Reuters Yahoo News 9 Dec 13;

OSLO (Reuters) - Ancient farming practices, such as raising fish in rice paddies in China or Aboriginal Australian fire controls, will get a new lease of life under plans to slow extinctions of animals and plants, experts said on Monday.

Turning to traditional farming is seen as a way of limiting what U.N. studies say is the worst spate of extinctions since the dinosaurs vanished 65 million years ago, driven by a rising human population that is wrecking natural habitats.

A 115-nation group seeking to protect the diversity of wildlife, which underpins everything from food supplies to medicines, will look at ways to revive and promote indigenous peoples' practices at talks in Turkey from December 9-14.

"Indigenous and local knowledge ... has played a key role in arresting biodiversity loss and conserving biodiversity," Zakri Abdul Hamid, founding chair of the Intergovernmental Platform on Biodiversity and Ecosystem Services (IPBES), told Reuters.

The idea is partly to compare traditional farming around the world and see if the practices can be used in other nations.

Among ideas, raising fish in the waters of rice paddies, a practice used in south China for 1,200 years and in some other Asian nations, can reduce pests. Most modern rice paddies are not used to raise fish.

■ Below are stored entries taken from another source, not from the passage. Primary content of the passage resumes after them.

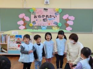 今日は、年中組が内容を考えた「おわかれ会」をしました。司会は年中組がしました。
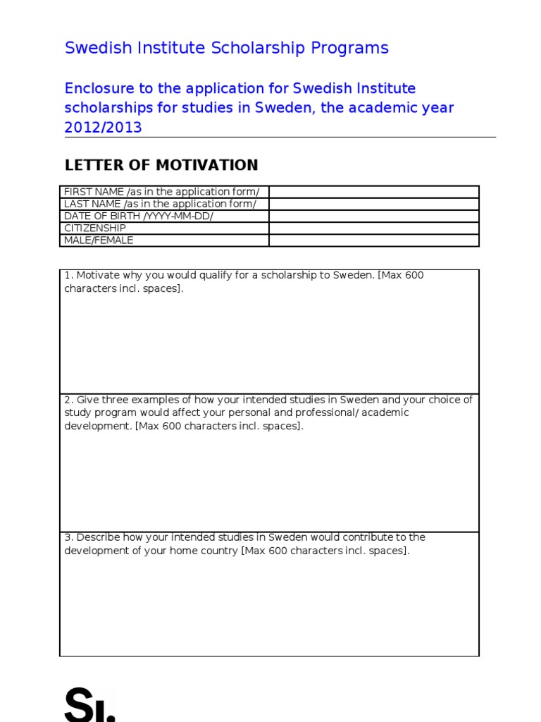 Motivation Letter For Si Study Scholarship 2012 2013
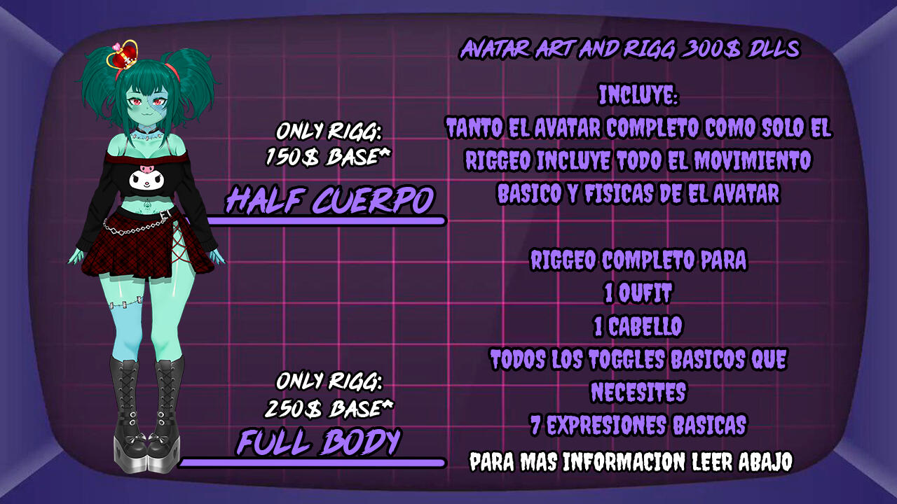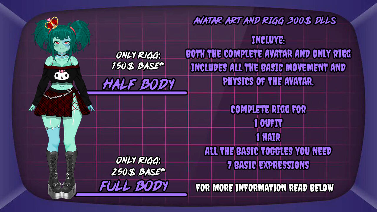 for the complete avatars (art and rigging) I work with different artists, since I only rig, so I have discounts with them to make the avatars, so we can offer a lower price for you, when ordering a complete avatar I will contact you directly with the artist of your choice first to make the art (once we agree on the final price and everything that will have the avatar).The estimated delivery time will depend on the artist how long it takes in the art plus my rigging time (approx 1 to 2 months depending on the complexity of the rigging).
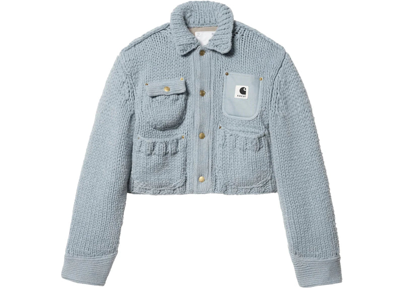 The Sacai x Carhartt WIP Women's Knit Michigan Jacket Light Blue is now available at Side Kicks!

Farming the two together "reduces by 68 percent the need for pesticides and by 24 percent the need for chemical fertilizer compared with monocultures", an IPBES report said. Pesticides often kill many more species than those targeted.

And in countries including Australia, Indonesia, Japan and Venezuela, traditional burning of small patches of countryside can create a mosaic of firebreaks that prevents the spread of devastating blazes in the dry season, it said.

WILDFIRES, ARCTIC

Small fires mean that wildlife can get out of harm's way more easily than in a big fire, reducing risks of extinctions.

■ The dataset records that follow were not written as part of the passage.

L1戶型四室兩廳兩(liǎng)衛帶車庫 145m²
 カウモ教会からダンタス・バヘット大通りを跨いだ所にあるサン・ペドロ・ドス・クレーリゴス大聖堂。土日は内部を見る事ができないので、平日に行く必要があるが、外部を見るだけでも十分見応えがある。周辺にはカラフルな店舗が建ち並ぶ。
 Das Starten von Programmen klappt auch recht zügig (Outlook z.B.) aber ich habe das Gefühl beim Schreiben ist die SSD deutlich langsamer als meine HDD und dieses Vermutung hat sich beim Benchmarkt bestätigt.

In Australia, such protection generates carbon credits for Aborigines by slowing deforestation - a source of up to a fifth of man-made greenhouse gases blamed for causing global warming.

In June, Australia's Indigenous Land Corporation said it sold 25,000 tonnes of carbon credits for savannah burning, the first such open market sale, to Chevron for more than $A20 ($18.20) a tonne.

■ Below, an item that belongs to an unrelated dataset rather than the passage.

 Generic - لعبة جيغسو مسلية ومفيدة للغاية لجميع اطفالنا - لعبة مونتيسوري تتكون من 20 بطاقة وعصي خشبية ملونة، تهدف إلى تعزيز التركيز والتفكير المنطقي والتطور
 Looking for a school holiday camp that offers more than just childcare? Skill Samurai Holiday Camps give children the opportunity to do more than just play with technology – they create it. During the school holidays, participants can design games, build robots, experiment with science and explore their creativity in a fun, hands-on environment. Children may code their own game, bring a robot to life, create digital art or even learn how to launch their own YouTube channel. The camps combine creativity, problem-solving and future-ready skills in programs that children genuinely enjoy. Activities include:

Trees and other plants absorb carbon dioxide, the main greenhouse gas from human activities, from the air as they grow and release it when they burn or rot.

Sam Johnston, an Australian expert at the U.N. University's Institute for Advanced Studies, said carbon markets might be used elsewhere. "We've found almost identical conditions in parts of Africa and Latin America," he told Reuters.

Other examples of traditional knowledge include pits dug on Tanzanian hillsides to collect rainfall in the rainy season to limit erosion, or weather observations by Inuit people in the Arctic to complement satellite data about melting ice.

And many Pacific island communities safeguard fish stocks around coral reefs, for instance by declaring some areas sacred sites that are then off limits to fishing.

Anne Larigauderie, incoming executive secretary of IPBES, said indigenous peoples often felt ignored by government planners. "There is a great need for recognition and acceptance of their knowledge," she said.

Other efforts to slow extinctions include creating more protected areas and enforcing laws on wildlife protection.